=== Section Start ===

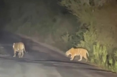 अलवर-जयपुर रोड (वाया भर्तृहरि) पर देर रात रोमांचक नजारा देखने को मिला, जब टाइगर एसटी 2304 और बाघिन एसटी 9 सड़क के बीच आकर बैठ गए।
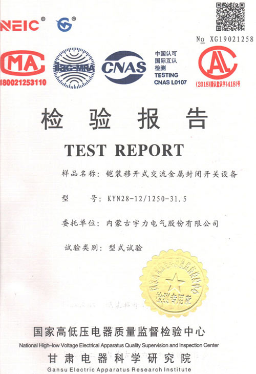 KYN28-12/1250-31.5中置式開(kāi)關(guān)柜(檢驗(yàn)報(bào)告)
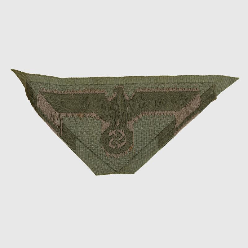 Bevo woven grey on green triangular form breast eagle for the later war tunic.
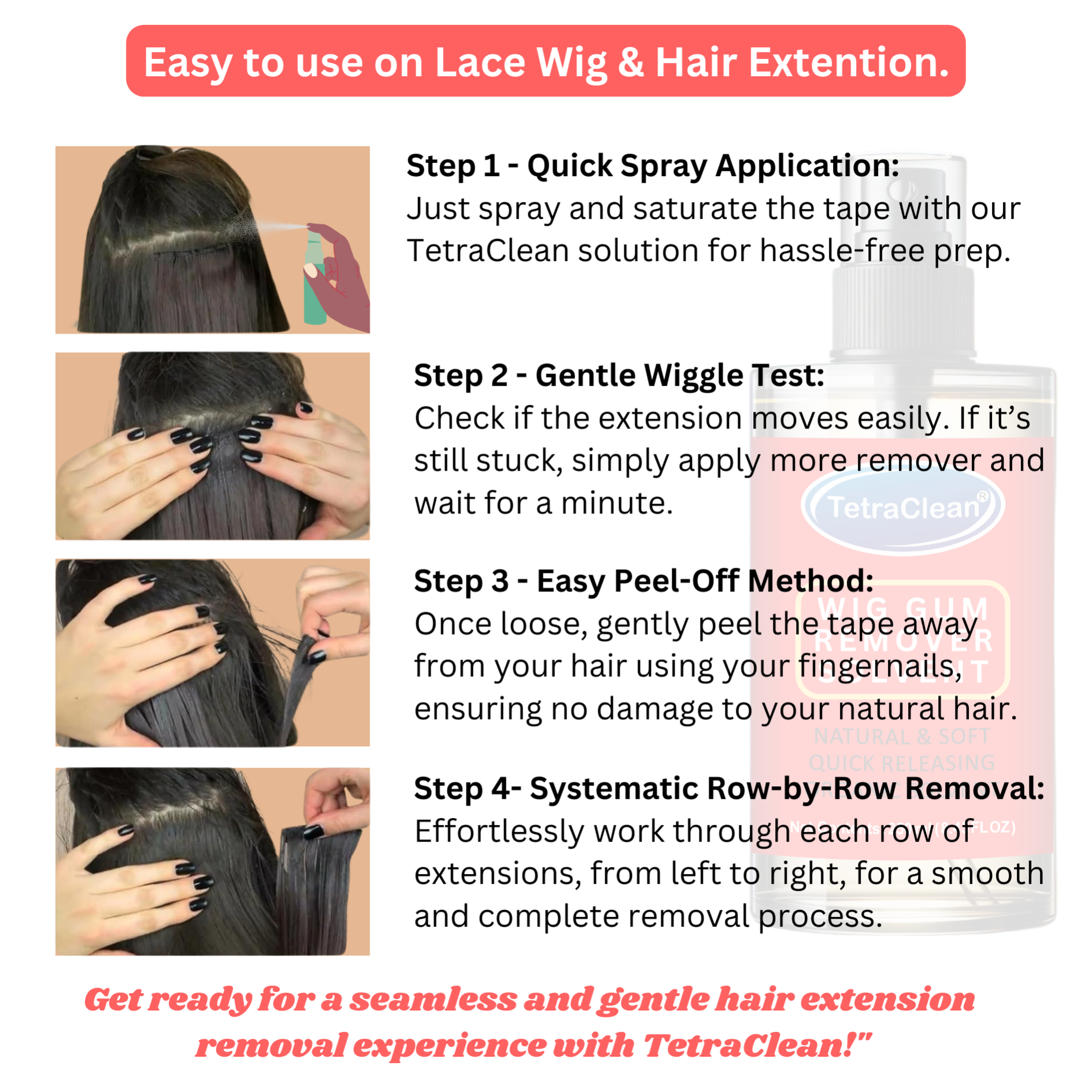 TetraClean Wig Gum Remover Solvent delivers fast, gentle, and residue-free removal of wigs, extensions, and hair patches with its natural citrus-based formula—safe on skin and effective on all adhesives.
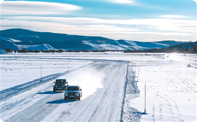 12月8日,在呼伦贝尔市牙克石市一家寒地试车基地,新能源汽车进行低温环境车辆性能检测。王正摄(人民图片)
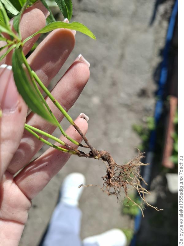 Никакие удобрения саженцам в первые годы не нужны, тем более больным. В воде оставлять с выпреванием тем более нельзя. Высаживаете на постоянку в обычную почву в сад. Никаких смесей. Если у вас сухой участок и почва лëгкая — добавьте побольше глины в посадочную яму, которую в идеале сделать побольше. Полить и ждать новых побегов. Там почки, кстати, идут. Это кустовой персик какой-то.
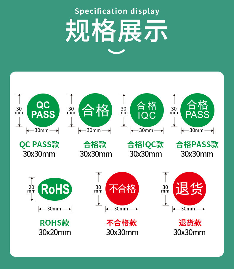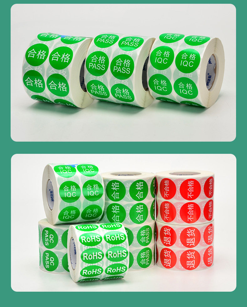 Color Classification [Rohs Green]Oval 12*8*3000 Stickers,[Rohs Green]Oval 15*10*3000 Stickers,[Rohs Green]Oval 20*13*2000 Stickers,[Rohs Green]Oval 25*15*2000 Stickers,[Rohs Green]Oval 30*20*2000 Stickers,[Rohs Green]Oval 50*30*1000 Stickers,[Pass Green]Round 30*30*2000 Stickers,[Substandard, Red]Round 30*30*2000 Stickers,[Qc Pass Green]Round 30*30*2000 Stickers,[Return - Red]Round 30*30*2000 Stickers,[Pass. Approved. Green]Round 30*30*2000 Stickers,[Qualified Iqc Green]Round 30*30*2000 Stickers
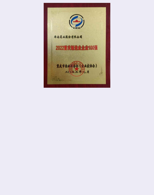 喜報(bào) 西南藥業(yè)榮獲2022重慶制造業(yè)企業(yè)100強(qiáng)
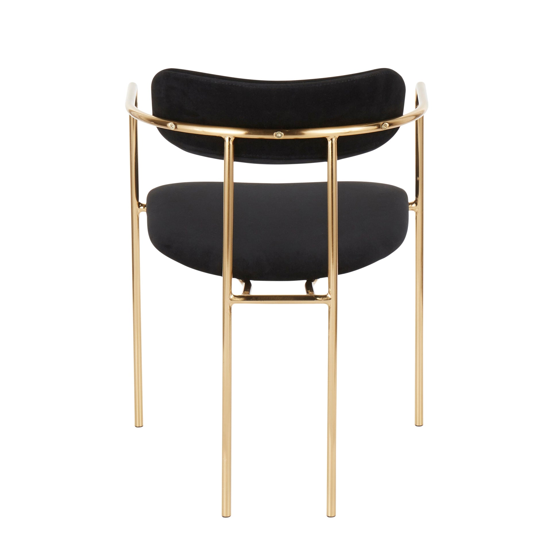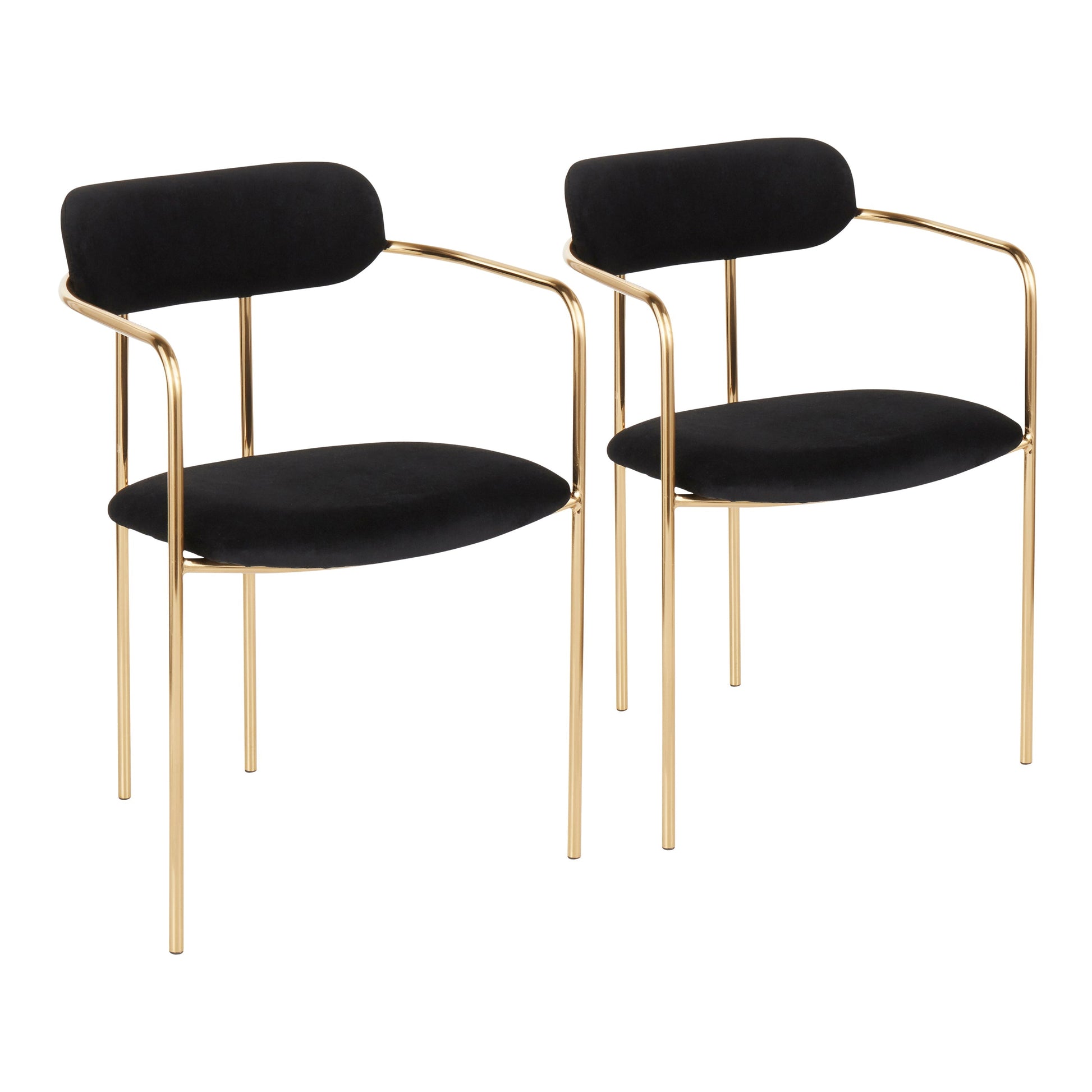 The Demi Chair set offers contemporary dining seating featuring a sleek gold metal frame and plush velvet upholstery, ideal for modern dining rooms or stylish indoor areas.

=== Section End ===

* _Task instructions_
What are the lines in the records above, word for word, from the one containing "Bevo woven grey" through the one containing "12月8日,在呼伦贝尔市牙克", both ends included and pictures left out?

* _Solution to this exercise_
 Bevo woven grey on green triangular form breast eagle for the later war tunic.
 TetraClean Wig Gum Remover Solvent delivers fast, gentle, and residue-free removal of wigs, extensions, and hair patches with its natural citrus-based formula—safe on skin and effective on all adhesives.
 12月8日,在呼伦贝尔市牙克石市一家寒地试车基地,新能源汽车进行低温环境车辆性能检测。王正摄(人民图片)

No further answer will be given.